## What to produce
Repeat exactly the lines of the material below that run from the "കടം വാങ്ങിയ പണം" line to the "经过9周的14轮鏖战,CRL" line, including both, and do not carry over any pictures.

== Study material

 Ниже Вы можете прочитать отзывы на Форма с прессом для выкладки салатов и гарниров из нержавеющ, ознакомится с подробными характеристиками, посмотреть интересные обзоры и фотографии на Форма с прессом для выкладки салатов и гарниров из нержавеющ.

====
== Study material

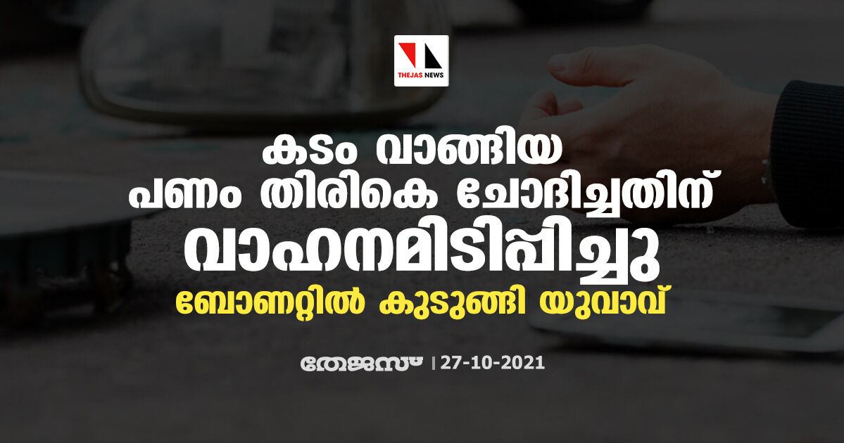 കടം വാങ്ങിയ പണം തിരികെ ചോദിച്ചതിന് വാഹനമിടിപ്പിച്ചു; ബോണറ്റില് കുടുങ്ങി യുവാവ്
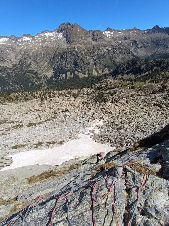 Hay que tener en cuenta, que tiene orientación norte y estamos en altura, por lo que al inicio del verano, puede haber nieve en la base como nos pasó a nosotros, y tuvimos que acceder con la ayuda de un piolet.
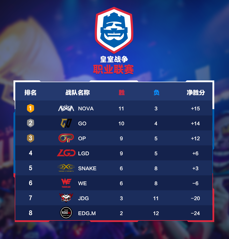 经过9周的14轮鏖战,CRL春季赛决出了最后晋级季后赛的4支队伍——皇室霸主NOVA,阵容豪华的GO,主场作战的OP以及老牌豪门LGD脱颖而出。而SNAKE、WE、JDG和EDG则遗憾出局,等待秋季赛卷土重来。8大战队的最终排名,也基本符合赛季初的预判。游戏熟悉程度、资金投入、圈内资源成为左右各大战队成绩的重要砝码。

====

## Solution for this problem
 കടം വാങ്ങിയ പണം തിരികെ ചോദിച്ചതിന് വാഹനമിടിപ്പിച്ചു; ബോണറ്റില് കുടുങ്ങി യുവാവ്
 Hay que tener en cuenta, que tiene orientación norte y estamos en altura, por lo que al inicio del verano, puede haber nieve en la base como nos pasó a nosotros, y tuvimos que acceder con la ayuda de un piolet.
 经过9周的14轮鏖战,CRL春季赛决出了最后晋级季后赛的4支队伍——皇室霸主NOVA,阵容豪华的GO,主场作战的OP以及老牌豪门LGD脱颖而出。而SNAKE、WE、JDG和EDG则遗憾出局,等待秋季赛卷土重来。8大战队的最终排名,也基本符合赛季初的预判。游戏熟悉程度、资金投入、圈内资源成为左右各大战队成绩的重要砝码。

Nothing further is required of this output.